Two Maine colleges finished as runners-up — including Unity College in the C event — during the ninth annual College "Crash Spiel" Curling Bonspiel on Saturday and Sunday, Jan. 19-20 at the Belfast Curling Club.

The weekend's winter storm did not discourage college curling in Maine.

For the ninth year, Belfast opened its club to an all-college coed competition in the growing sport of curling.

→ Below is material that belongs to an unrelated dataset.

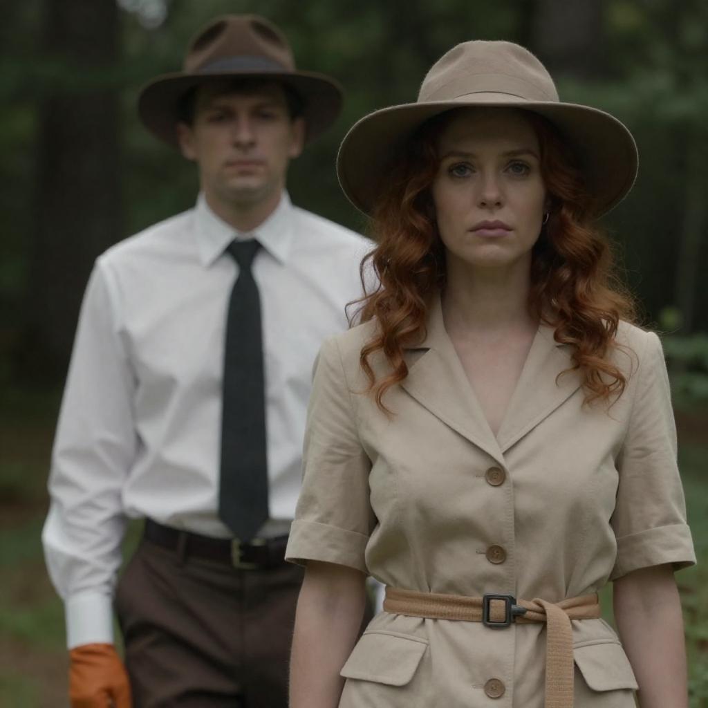 Photograph of two people in vintage attire standing in a forest. The woman in the foreground wears a beige, belted, short-sleeved jacket with orange gloves, and a wide-brimmed hat. She has curly red hair and a serious expression. The man in the background wears a white shirt, black tie, and brown hat, with a neutral expression. The background is dark and forested.

Eleven teams from nine colleges and universities competed. University of Maine in Orono, Bowdoin College in Brunswick, Unity College, Yale University in New Haven, Conn., Massachusetts Institute of Technology in Cambridge, Mass., Harvard University of Cambridge, Mass., Castleton University in Vermont, Rensselaer Polytechnic Institute in Troy, N.Y. and Rochester Institute of Technology in Rochester, N.Y. curled from 9 a.m. Saturday through Sunday morning's semifinals at 8:15 a.m. and the final A, B, and C events at 11 a.m.

Douglas Coffin of the Belfast Curling Club, who also participated for Unity, said since many teams came quite a distance to curl — Troy, N.Y., Boston, Mass., Castleton, Vt and New Haven, Conn. — all but one team elected to stay overnight Sunday and ride out the storm.

After the morning finals, all teams came back to the curling club Sunday night for a huge, convivial storm dinner and tuned into the New England Patriots football playoff game, Coffin said.

The results of the bonspiel included:

A event — MIT beat Bowdoin I.

B Event — RIT beat RPI I.

C event — Bowdoin/RIT beat Unity.

Coffin said Bowdoin was the top Maine college curling team for 2019 and its name will be engraved on the club trophy. Bowdoin also took those honors in 2018, while UMaine had bragging rights in 2017.

The games were played as 4-on-4 with each team member to throw two stones, alternately, for a total of 16 stones. When all 16 stones are thrown, it is referred to as an “end.” Each game consists of eight ends and takes about two hours to play.

The idea is to slide the stone down the sheet of ice and get it to stop inside the circular bull's-eye, known as the “house.” Points are scored for the stones that rest closest to the center of the house at the conclusion of each end.